What to Do on Valentine's Day When You're Single_Header

If you’re unattached this year, it’s probably hard to fathom what to do about Valentine’s Day as retail and media forces bombard you with romantic, sappy advertisements and messages. Even more difficult is understanding how to survive the barrage of greeting cards that read, “You complete me” or “Our two hearts beat as one.”

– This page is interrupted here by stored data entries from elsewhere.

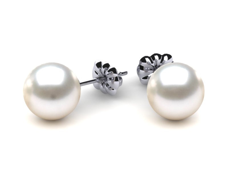 Stunning White Gold Fresh Water Pearl Stud Earrings
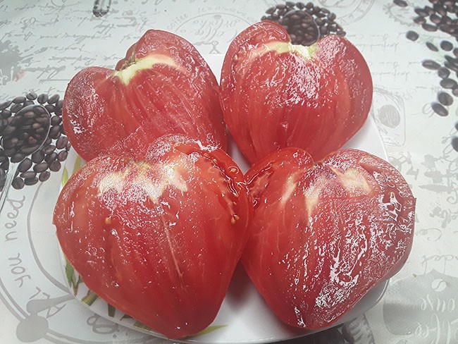 Томат Красные сердца Танти Иванка /Inima Rosie Tanti Ivanca/ Румыния (индет., высокорослый(1,8-2 м), среднеспелый, 350-500 г., вести в 2-3 стебля) |
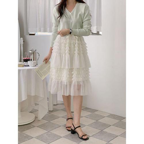 [하젤]디아베 쉬폰 프릴 캉캉 미디 스커트_S4593

Whether you are unattached by circumstance – or by choice – this February 14th, your first priority is to nurture and love your SELF. The more you neglect your own identity, the more potential relationships will suffer, and the greater the likelihood you will look to a future partner for your self-worth. This is a sure recipe for failure.

The following seven tips are guaranteed to help you make the most of your solo Valentine’s Day this year.

     1. Celebrate Being a Whole Person

Stop believing the lie that your life is incomplete without a significant other.  While having the right partner is a gift that will enhance you, being individually whole is essential for that to happen.

   2. Value Your Own Company

Be your own best date this Valentine’s Day by giving to your SELF. Go buy yourself the chocolates and that something special you have been putting off. You deserve it.

     3. Accept The Losses of Relationships Gone Wrong

Be patient.  There are plenty of Valentine’s Days in your lifetime to find a loved one and get it right.

     4. Get Perspective

It is okay that Valentine’s Day may make you feel sad, but remind yourself that more often than not it’s the flower and candy retailers who benefit most from the day.

     5. Find Out What Is Happening With Other Singles

Seek out singles and spend time with your friends and meet new people.

     6. Embrace Being Unattached

Remember that you do not need to be part of a couple to be happy.  Although the media may not find it fashionable to write about the joys of being unpartnered, there are many happy single people.

     7. Tell Someone You Love Them

Do not miss the chance to honor someone who has made a difference in your life.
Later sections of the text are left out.